**DATASET SECTION**
========

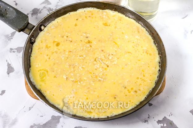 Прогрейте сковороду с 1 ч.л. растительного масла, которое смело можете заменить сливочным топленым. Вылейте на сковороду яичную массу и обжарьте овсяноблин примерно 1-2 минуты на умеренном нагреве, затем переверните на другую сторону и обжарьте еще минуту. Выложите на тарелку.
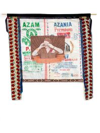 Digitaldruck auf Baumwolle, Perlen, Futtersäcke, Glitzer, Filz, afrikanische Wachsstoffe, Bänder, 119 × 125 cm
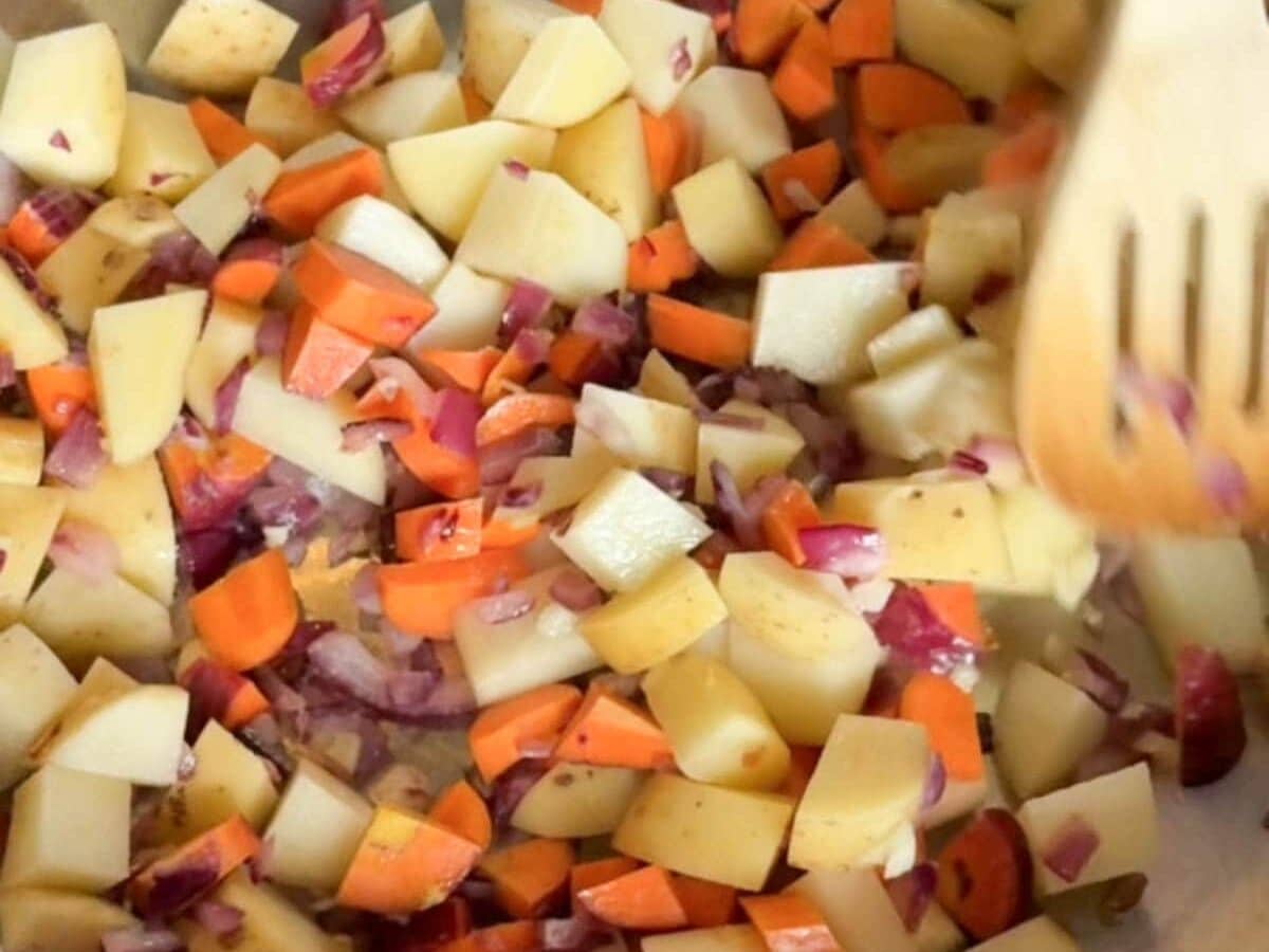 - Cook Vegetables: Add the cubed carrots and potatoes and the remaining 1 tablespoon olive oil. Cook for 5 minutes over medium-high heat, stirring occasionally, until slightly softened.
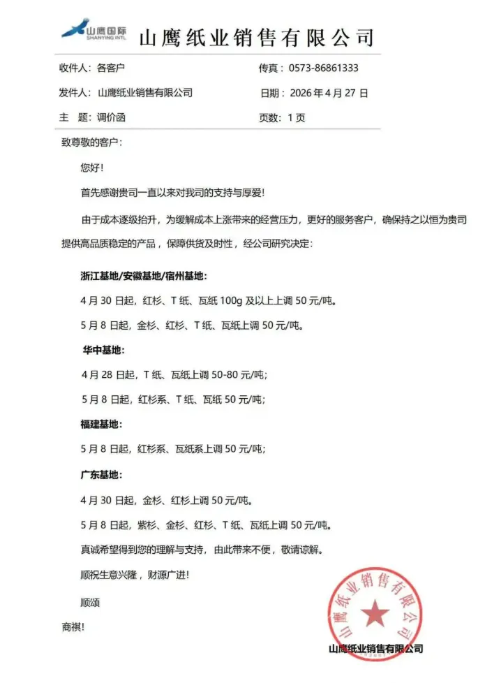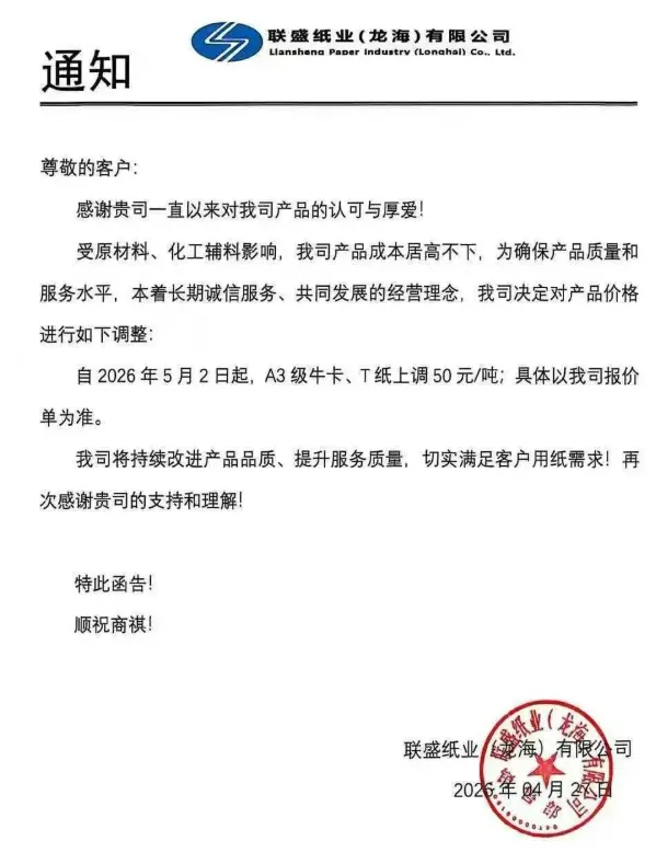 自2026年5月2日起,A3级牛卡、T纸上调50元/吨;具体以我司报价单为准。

========

**WORK TASK**
Lines from the one that holds "- Cook Vegetables: Add" through the final line of the material are to be duplicated exactly; no pictures belong in the copy.

**WRITTEN REPLY**
 - Cook Vegetables: Add the cubed carrots and potatoes and the remaining 1 tablespoon olive oil. Cook for 5 minutes over medium-high heat, stirring occasionally, until slightly softened.
 自2026年5月2日起,A3级牛卡、T纸上调50元/吨;具体以我司报价单为准。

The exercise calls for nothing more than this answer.